■ Task brief ■
In the listing below, the answer starts at the line that has "Name of CNS" and stops after the line that has "炒米粉很普通而已,炒香蒜蓉和"; please repeat that part exactly and nothing more.

■ Material provided ■
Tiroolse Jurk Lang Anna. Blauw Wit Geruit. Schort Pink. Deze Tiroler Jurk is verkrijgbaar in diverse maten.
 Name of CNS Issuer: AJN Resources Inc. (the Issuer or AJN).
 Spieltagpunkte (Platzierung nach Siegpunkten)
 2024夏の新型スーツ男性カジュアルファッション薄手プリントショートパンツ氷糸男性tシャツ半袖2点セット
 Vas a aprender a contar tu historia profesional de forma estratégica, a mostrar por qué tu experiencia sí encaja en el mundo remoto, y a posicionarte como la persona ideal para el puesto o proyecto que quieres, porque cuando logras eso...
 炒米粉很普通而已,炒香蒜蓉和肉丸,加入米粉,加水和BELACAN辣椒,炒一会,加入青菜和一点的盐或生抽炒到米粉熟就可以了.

---

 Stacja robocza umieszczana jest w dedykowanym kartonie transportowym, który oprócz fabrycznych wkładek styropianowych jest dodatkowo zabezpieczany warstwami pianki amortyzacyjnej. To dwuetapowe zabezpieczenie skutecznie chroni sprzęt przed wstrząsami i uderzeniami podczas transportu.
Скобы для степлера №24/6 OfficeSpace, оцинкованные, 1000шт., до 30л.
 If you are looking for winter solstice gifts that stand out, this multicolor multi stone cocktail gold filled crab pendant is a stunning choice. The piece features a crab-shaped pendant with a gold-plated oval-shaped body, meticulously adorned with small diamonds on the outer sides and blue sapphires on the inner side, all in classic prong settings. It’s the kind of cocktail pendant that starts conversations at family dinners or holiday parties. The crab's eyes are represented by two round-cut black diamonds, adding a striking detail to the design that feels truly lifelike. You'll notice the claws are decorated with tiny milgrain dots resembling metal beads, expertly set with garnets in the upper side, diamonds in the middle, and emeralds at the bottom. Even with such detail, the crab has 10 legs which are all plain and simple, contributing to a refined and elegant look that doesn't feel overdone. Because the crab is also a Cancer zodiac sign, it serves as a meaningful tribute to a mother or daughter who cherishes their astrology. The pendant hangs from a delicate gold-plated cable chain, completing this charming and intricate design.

■ Worked solution ■
 Name of CNS Issuer: AJN Resources Inc. (the Issuer or AJN).
 Spieltagpunkte (Platzierung nach Siegpunkten)
 2024夏の新型スーツ男性カジュアルファッション薄手プリントショートパンツ氷糸男性tシャツ半袖2点セット
 Vas a aprender a contar tu historia profesional de forma estratégica, a mostrar por qué tu experiencia sí encaja en el mundo remoto, y a posicionarte como la persona ideal para el puesto o proyecto que quieres, porque cuando logras eso...
 炒米粉很普通而已,炒香蒜蓉和肉丸,加入米粉,加水和BELACAN辣椒,炒一会,加入青菜和一点的盐或生抽炒到米粉熟就可以了.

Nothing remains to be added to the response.